Most people meet regular expressions as a wall of symbols copied from a forum, tweak it until it works, and back away slowly. That's a shame, because the underlying idea is simple and the vocabulary is small. This guide builds a pattern from scratch and then names the handful of traps worth knowing.
A pattern is a description
A regular expression describes what a matching string looks like. The engine reads your subject text left to right and, at each position, asks "does the pattern fit starting here?". Everything else — character classes, quantifiers, anchors — is just richer ways to write that description. Keep that picture in mind and the symbols stop being magic.
The fastest way to learn is to change one piece at a time and watch what matches. The regex tester highlights every match as you type, which turns the whole thing into a feedback loop instead of guesswork.

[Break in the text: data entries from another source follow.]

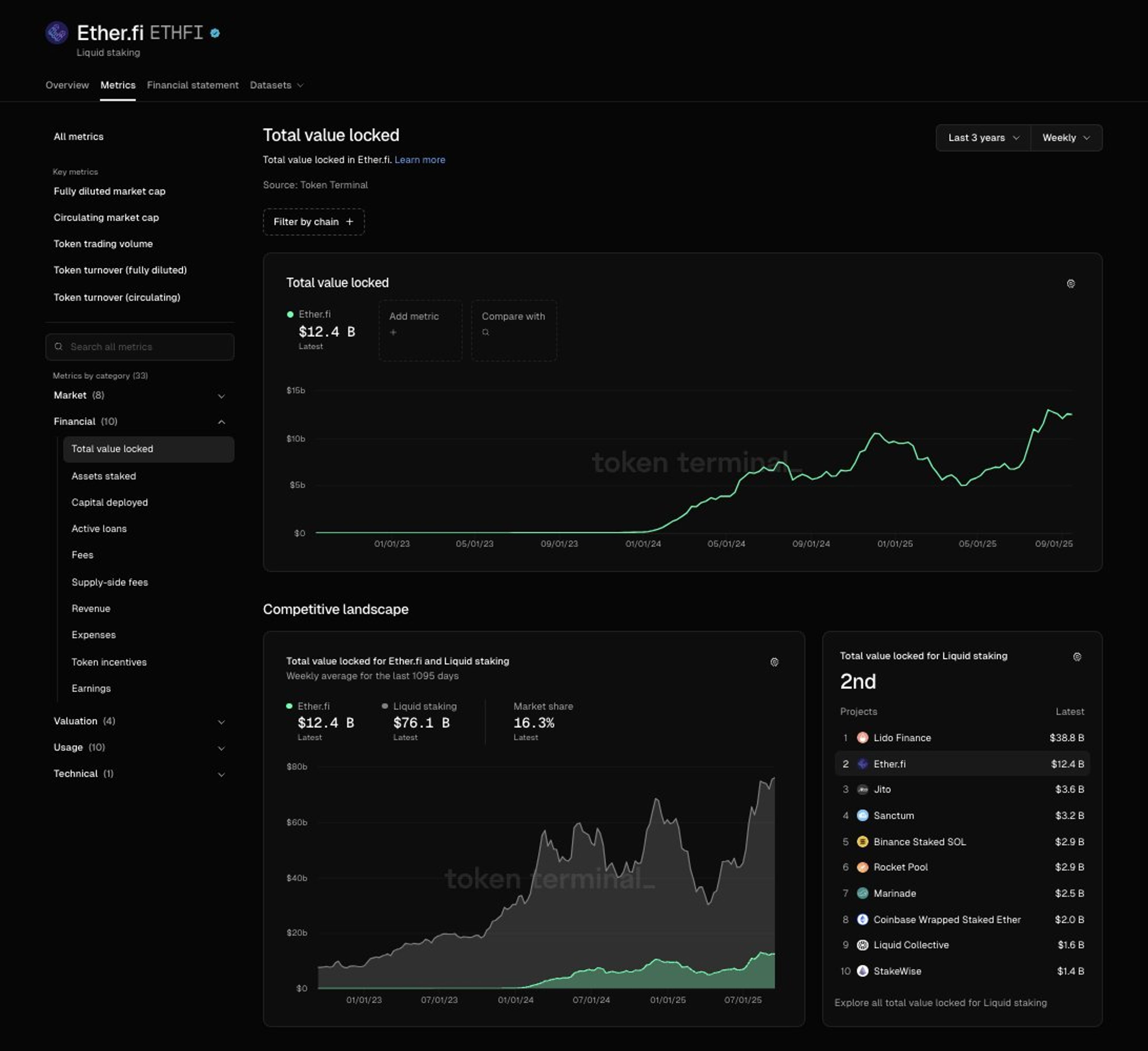 For a liquid staking project like Ether.fi, the standardized metrics include total value locked, fees, revenue, daily active users, and more.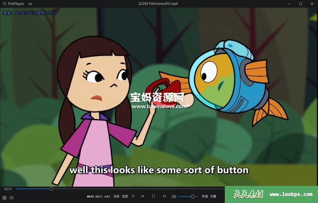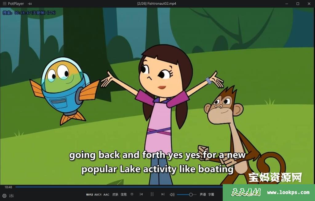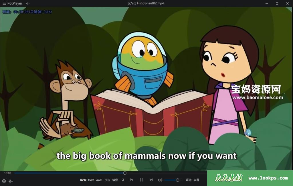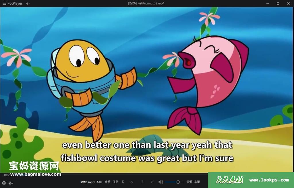 天天资源网收录的动画片《Fishtronaut》费雪小鱼侦探队英文版 第一季,全部52集,英语发音,外挂英文字幕(其中有几集无字幕)(可以下载后使用播放器选择设置字幕或者关闭字幕);每集大小95M,资源总大小5.94G,单集播放时长约12分钟,720P高清MP4格式,可以在电视机或电脑、平板、IPAD、早教机、手机等各种设备播放,提供百度云网盘下载。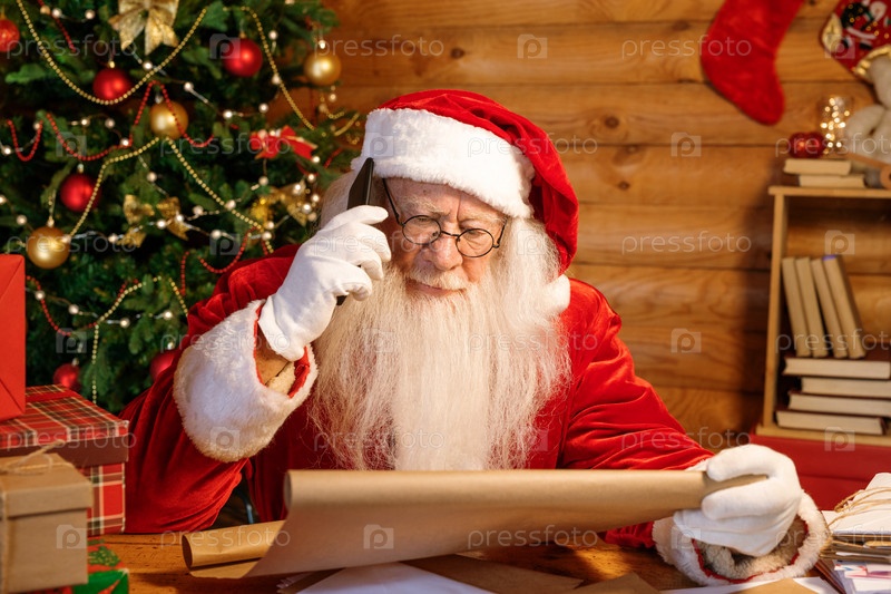 Санта с мобильным телефоном звонит родителям перед Рождеством

Five pieces cover most patterns
Literals match themselves: cat matches the letters c-a-t. Character classes match one character from a set: \d is any digit, \w is a letter/digit/underscore, \s is whitespace, and [a-f] is your own range. Quantifiers say how many: * is zero-or-more, + is one-or-more, ? is optional, and {2,4} is a specific count. Anchors match a position rather than a character: ^ and $ are the start and end, and \b is a word boundary. Groups and alternation bundle and branch: (...) groups, and cat|dog matches either.
Watch them combine into something useful — a rough date matcher:
\d{4}-\d{2}-\d{2} matches 2026-06-01
^\d{4}-\d{2}-\d{2}$ ...but only if that's the whole string
Read it as a description: four digits, a hyphen, two digits, a hyphen, two digits. Add the anchors and you also say "and nothing else on the line". That's the entire trick — you're spelling out the shape.
Why .* grabs too much
Quantifiers are greedy by default: they match as much as possible, then give back only if the rest of the pattern fails. Run <.*> against <a><b> and it matches the whole thing, not just <a>, because .* swallowed everything before the final >.
Add a ? to make a quantifier lazy — match as little as possible: <.*?> stops at the first > and matches <a>. Greedy versus lazy is one of the most common "why is it matching that?" moments, and flipping a single ? usually fixes it.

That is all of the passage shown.